Records contained in a dataset
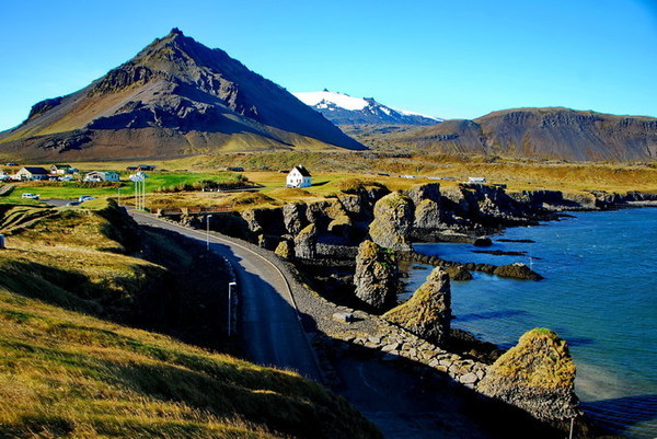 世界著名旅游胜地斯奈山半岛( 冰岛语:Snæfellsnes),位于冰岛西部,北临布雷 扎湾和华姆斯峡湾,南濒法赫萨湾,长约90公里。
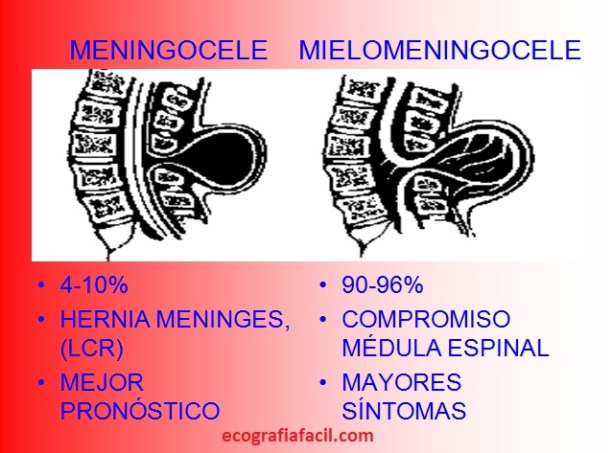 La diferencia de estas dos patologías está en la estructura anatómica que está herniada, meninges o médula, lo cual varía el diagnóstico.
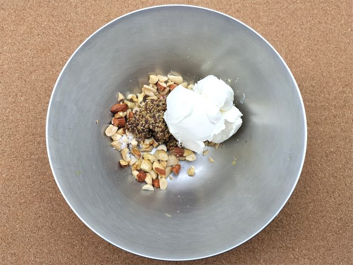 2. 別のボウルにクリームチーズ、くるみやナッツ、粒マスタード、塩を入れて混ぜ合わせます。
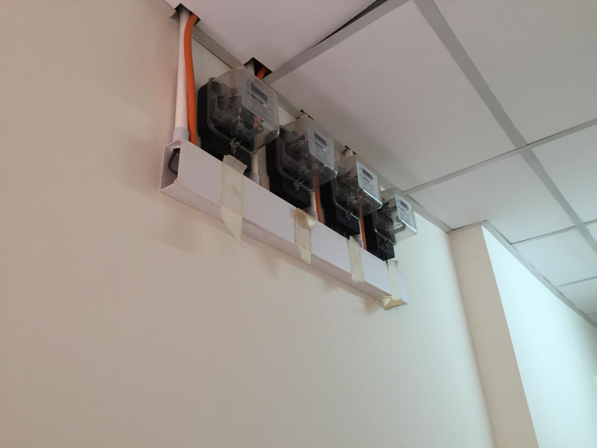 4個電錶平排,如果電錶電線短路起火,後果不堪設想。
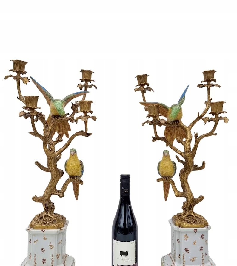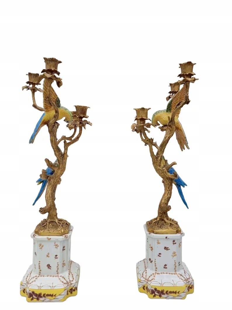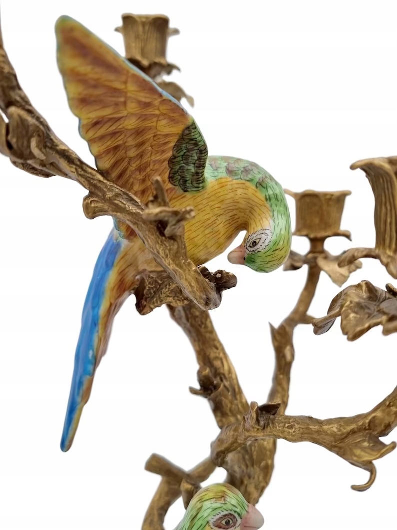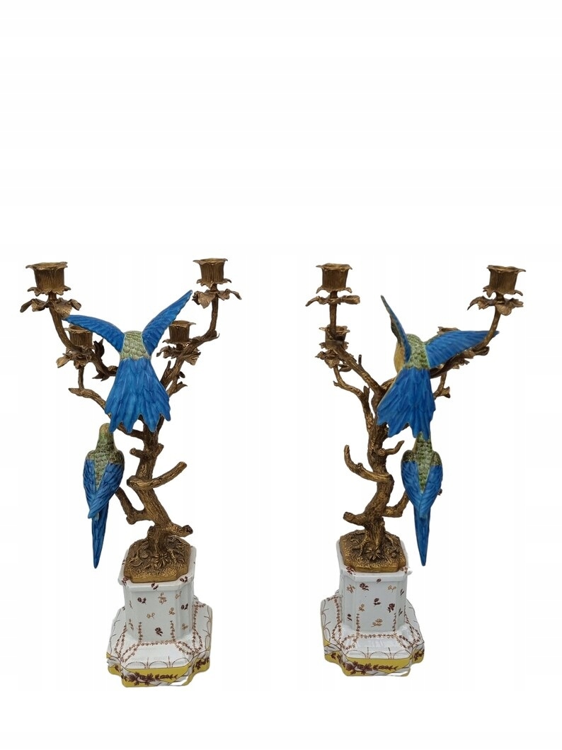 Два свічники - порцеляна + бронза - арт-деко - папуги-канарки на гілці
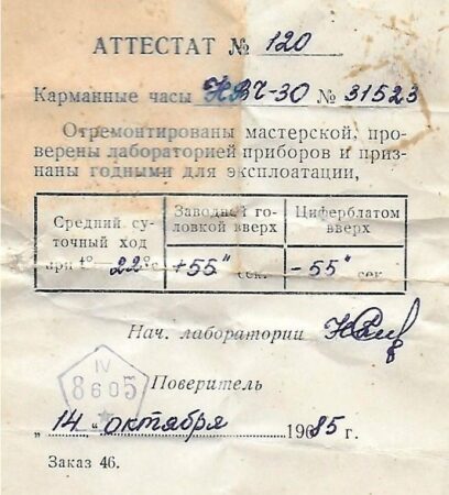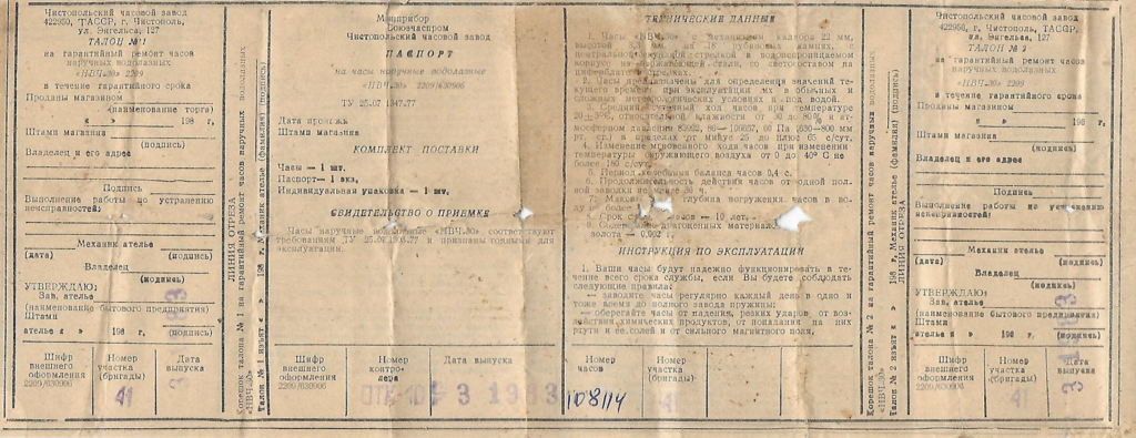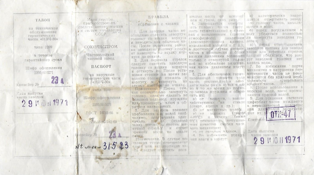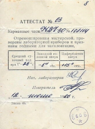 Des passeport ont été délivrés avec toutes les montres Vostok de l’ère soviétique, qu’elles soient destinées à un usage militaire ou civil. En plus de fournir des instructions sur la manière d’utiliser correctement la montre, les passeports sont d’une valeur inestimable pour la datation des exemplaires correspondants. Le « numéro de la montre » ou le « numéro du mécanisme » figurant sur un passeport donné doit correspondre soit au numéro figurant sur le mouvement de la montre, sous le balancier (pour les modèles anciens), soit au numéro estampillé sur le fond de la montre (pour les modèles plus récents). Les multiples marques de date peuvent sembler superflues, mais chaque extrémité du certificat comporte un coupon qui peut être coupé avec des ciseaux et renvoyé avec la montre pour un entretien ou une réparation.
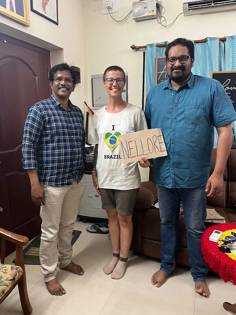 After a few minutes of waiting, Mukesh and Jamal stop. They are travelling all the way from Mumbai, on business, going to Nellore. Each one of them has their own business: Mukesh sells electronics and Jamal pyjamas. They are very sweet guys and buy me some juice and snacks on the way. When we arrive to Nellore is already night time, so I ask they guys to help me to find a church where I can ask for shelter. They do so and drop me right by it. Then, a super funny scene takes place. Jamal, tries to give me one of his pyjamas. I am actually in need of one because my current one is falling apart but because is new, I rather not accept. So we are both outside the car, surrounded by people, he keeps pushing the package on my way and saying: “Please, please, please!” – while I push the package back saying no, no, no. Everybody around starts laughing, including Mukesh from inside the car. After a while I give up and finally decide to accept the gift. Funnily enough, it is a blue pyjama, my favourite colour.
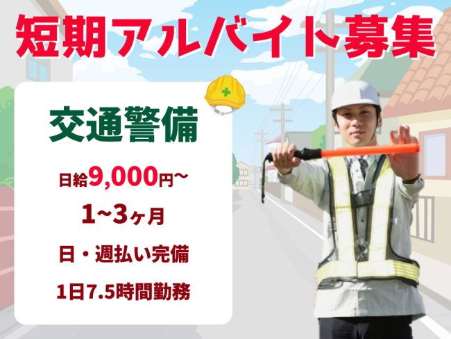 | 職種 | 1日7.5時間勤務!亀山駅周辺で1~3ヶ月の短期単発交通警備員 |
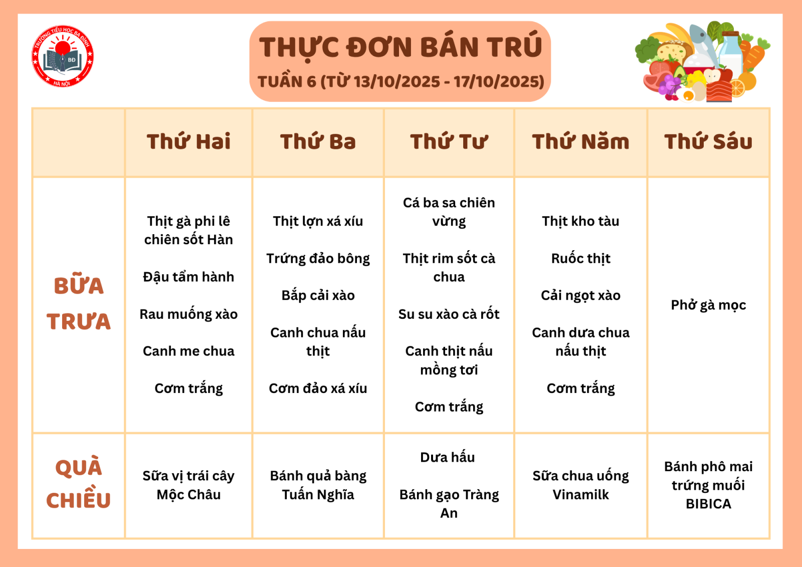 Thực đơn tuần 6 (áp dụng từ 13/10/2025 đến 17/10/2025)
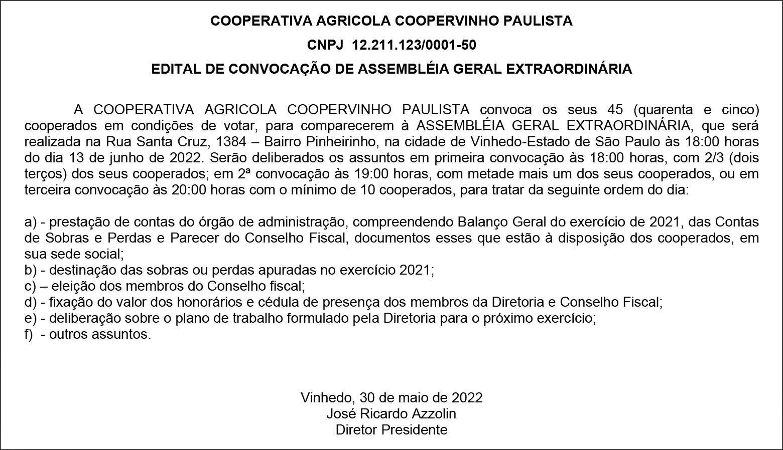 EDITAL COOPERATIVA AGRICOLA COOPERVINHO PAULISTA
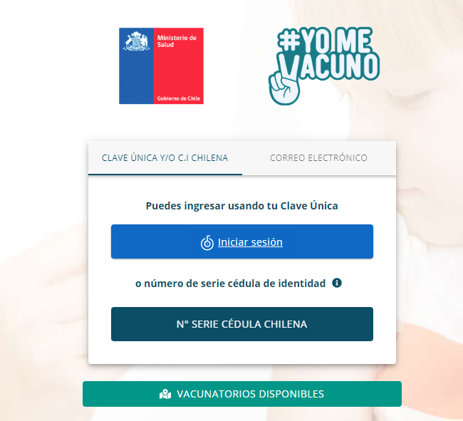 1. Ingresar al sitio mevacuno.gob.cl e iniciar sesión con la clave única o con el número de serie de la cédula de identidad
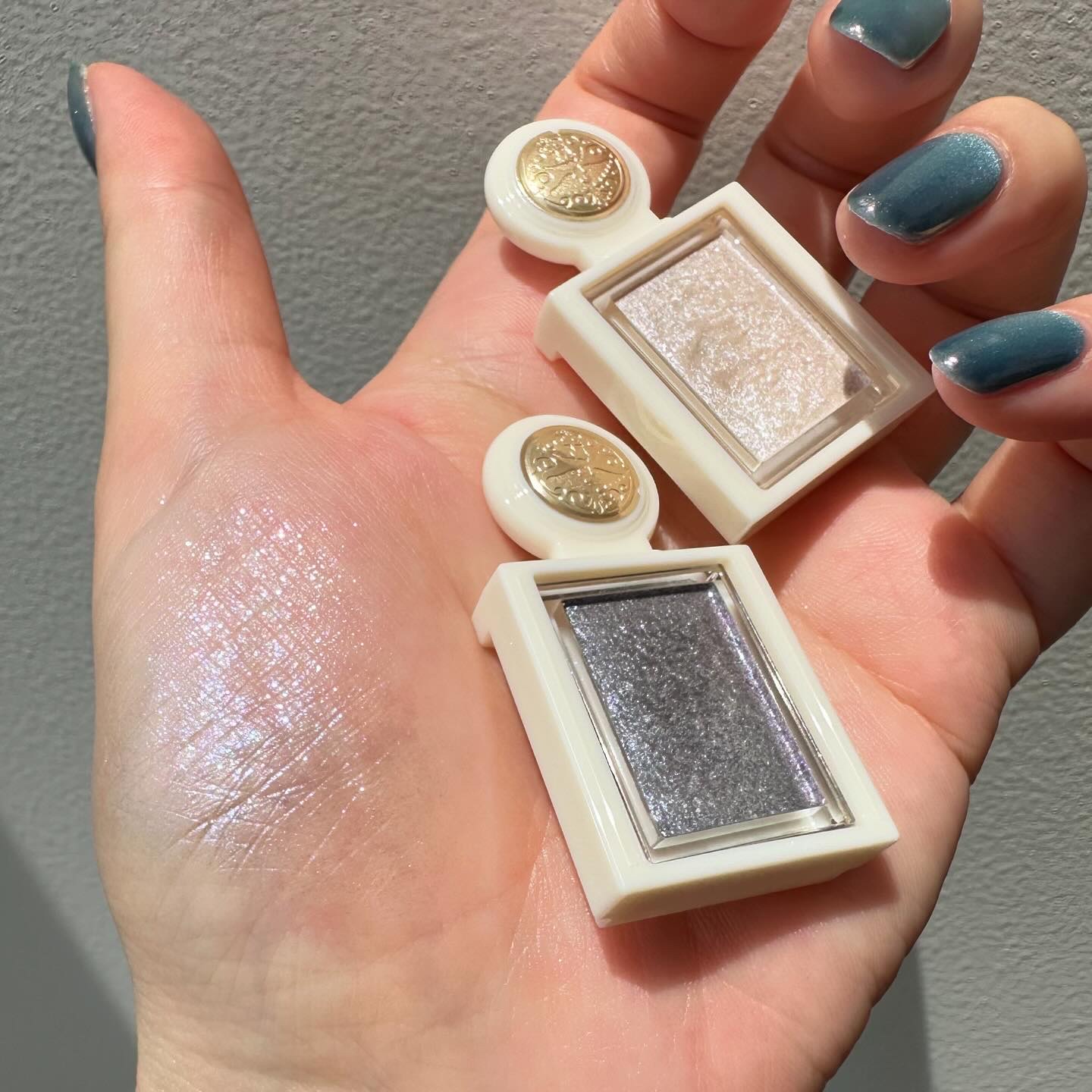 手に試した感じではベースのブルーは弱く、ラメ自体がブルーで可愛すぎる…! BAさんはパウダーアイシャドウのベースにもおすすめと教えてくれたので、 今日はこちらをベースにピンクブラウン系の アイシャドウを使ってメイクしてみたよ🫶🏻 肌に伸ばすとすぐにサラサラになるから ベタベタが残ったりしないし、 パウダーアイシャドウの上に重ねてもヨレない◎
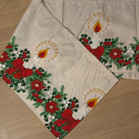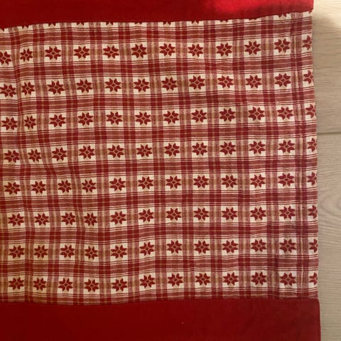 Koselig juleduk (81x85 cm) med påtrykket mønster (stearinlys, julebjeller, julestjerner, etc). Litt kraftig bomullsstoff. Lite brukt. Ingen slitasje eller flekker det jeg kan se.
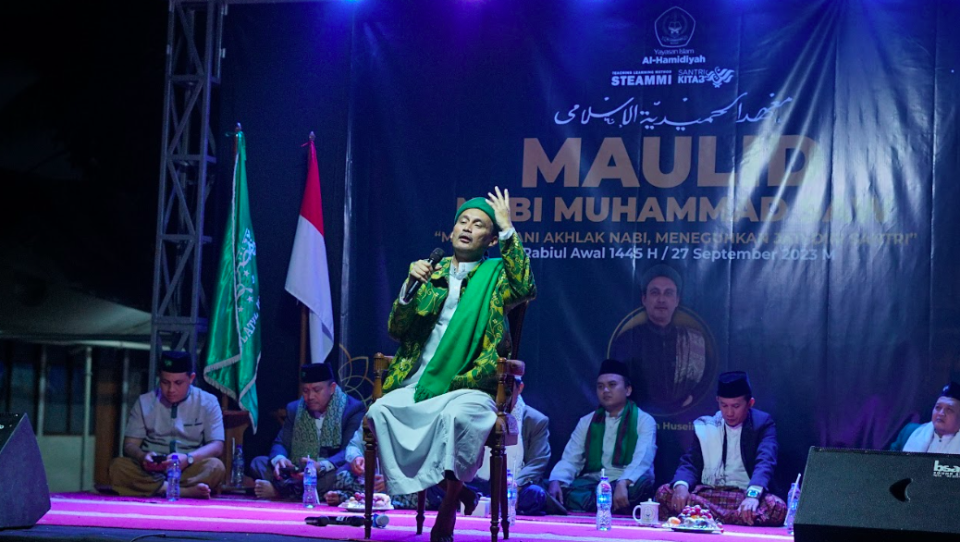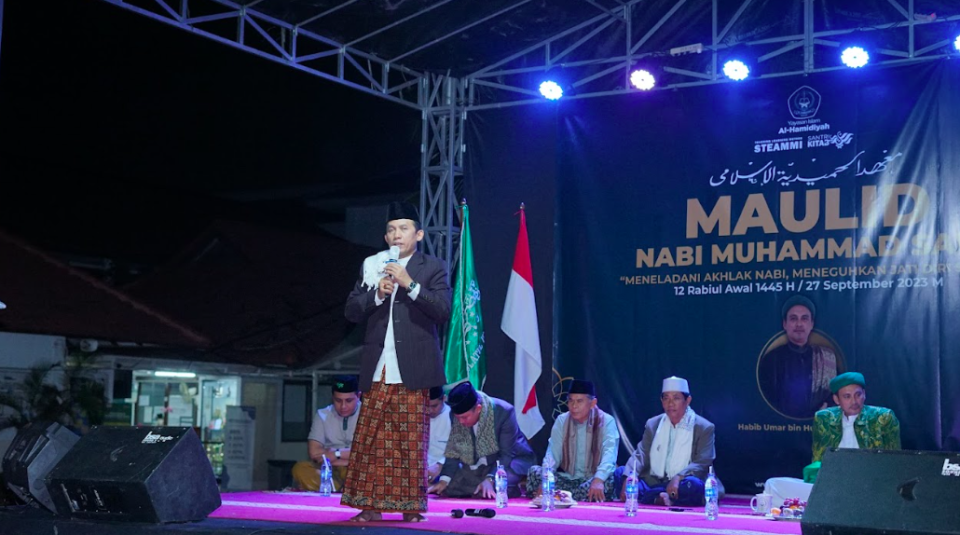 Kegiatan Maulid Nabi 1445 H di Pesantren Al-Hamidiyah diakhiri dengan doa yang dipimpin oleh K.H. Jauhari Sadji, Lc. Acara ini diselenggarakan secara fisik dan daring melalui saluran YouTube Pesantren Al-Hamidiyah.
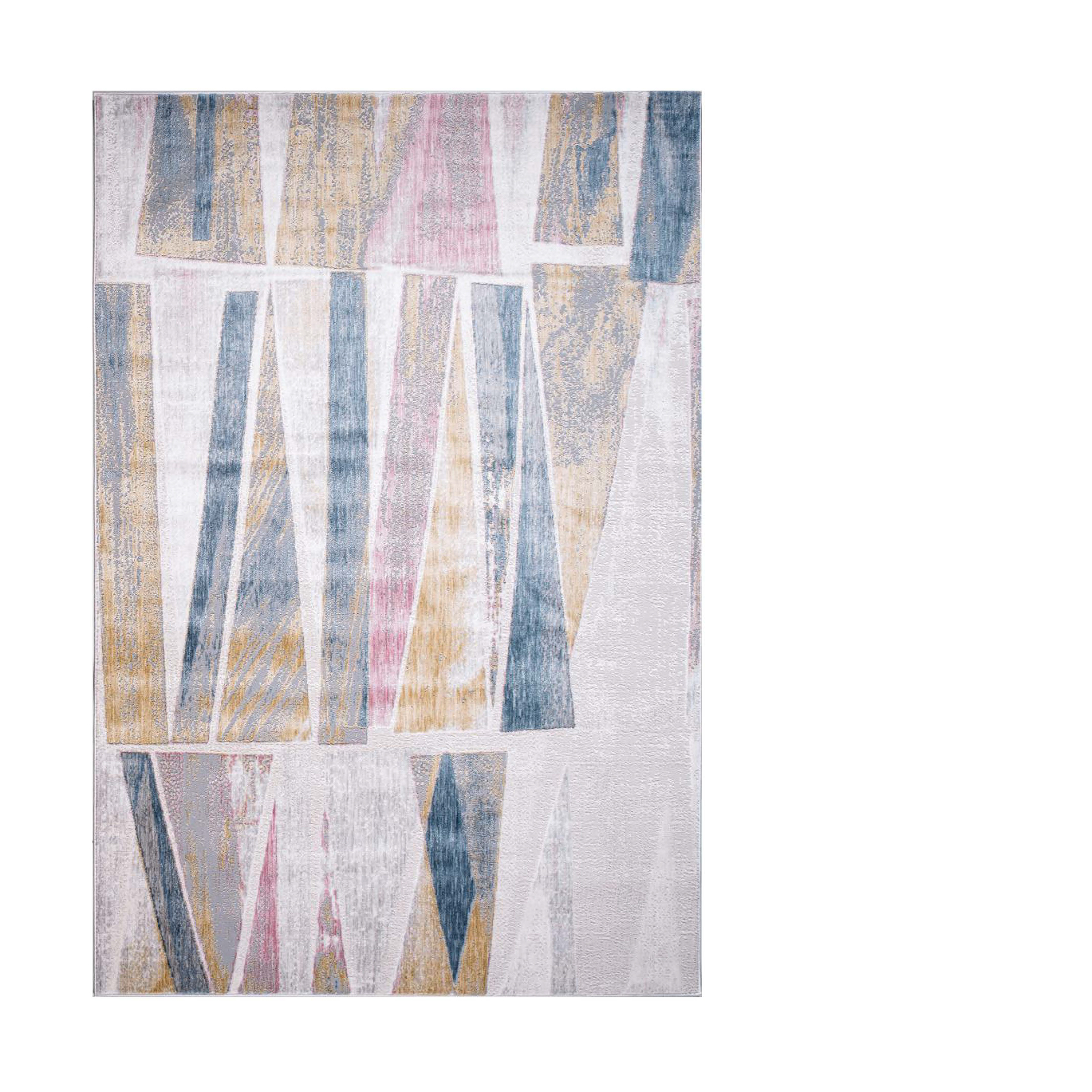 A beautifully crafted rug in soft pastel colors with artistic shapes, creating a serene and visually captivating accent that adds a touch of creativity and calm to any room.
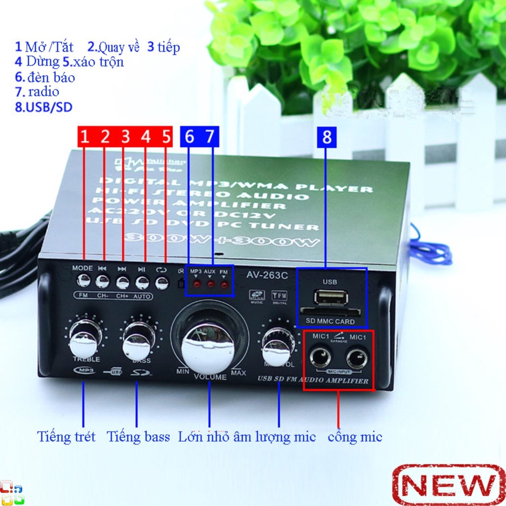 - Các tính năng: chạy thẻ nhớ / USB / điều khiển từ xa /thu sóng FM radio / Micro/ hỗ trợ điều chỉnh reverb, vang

**The task:**
Copy exactly, without pictures, the lines above from the one with "Kegiatan Maulid Nabi" down to the one with "A beautifully crafted", inclusive.

**Answer to this exercise:**
 Kegiatan Maulid Nabi 1445 H di Pesantren Al-Hamidiyah diakhiri dengan doa yang dipimpin oleh K.H. Jauhari Sadji, Lc. Acara ini diselenggarakan secara fisik dan daring melalui saluran YouTube Pesantren Al-Hamidiyah.
 A beautifully crafted rug in soft pastel colors with artistic shapes, creating a serene and visually captivating accent that adds a touch of creativity and calm to any room.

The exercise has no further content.